When an airplane crashes, impartial investigatory bodies leap into action, empowered by law to unearth what happened and why. But there is no such empowered and impartial body to investigate CrowdStrike’s faulty update that recently unfolded, ensnarling banks, airlines, and emergency services to the tune of billions of dollars. We need one. To be sure, there is the White House’s Cyber Safety Review Board. On March 20, the CSRB released a report into last summer’s intrusion by a Chinese hacking group into Microsoft’s cloud environment, where it compromised the U.S. Department of Commerce, State Department, congressional offices, and several associated companies. But the board’s report—well-researched and containing some good and actionable recommendations—shows how it suffers from its lack of subpoena power and its political unwillingness to generalize from specific incidents to the broader industry.

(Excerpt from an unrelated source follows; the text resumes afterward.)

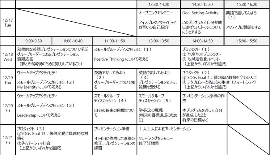このプログラムでは、会話は原則すべて英語とし、ディスカッションやアクティビティを通して英語運用能力を高めるとともに、多様な文化や価値観、考え方に触れ、国際的な視野を身につけることをめざします。

Some background: The CSRB was established in 2021, by executive order, to provide an independent analysis and assessment of significant cyberattacks against the United States. The goal was to pierce the corporate confidentiality that often surrounds such attacks and to provide the entire security community with lessons and recommendations. The more we all know about what happened, the better we can all do next time. It’s the same thinking that led to the formation of the National Transportation Safety Board, but for cyberattacks and not plane crashes.

But the board immediately failed to live up to its mission. It was founded in response to the Russian cyberattack on the U.S. known as SolarWinds. Although it was specifically tasked with investigating that incident, it did not—for reasons that remain unclear.

So far, the board has published three reports. They offered only simplistic recommendations. In the first investigation, on Log4J, the CSRB exhorted companies to patch their systems faster and more often. In the second, on Lapsus$, the CSRB told organizations not to use SMS-based two-factor authentication (it’s vulnerable to SIM-swapping attacks). These two recommendations are basic cybersecurity hygiene, and not something we need an investigation to tell us.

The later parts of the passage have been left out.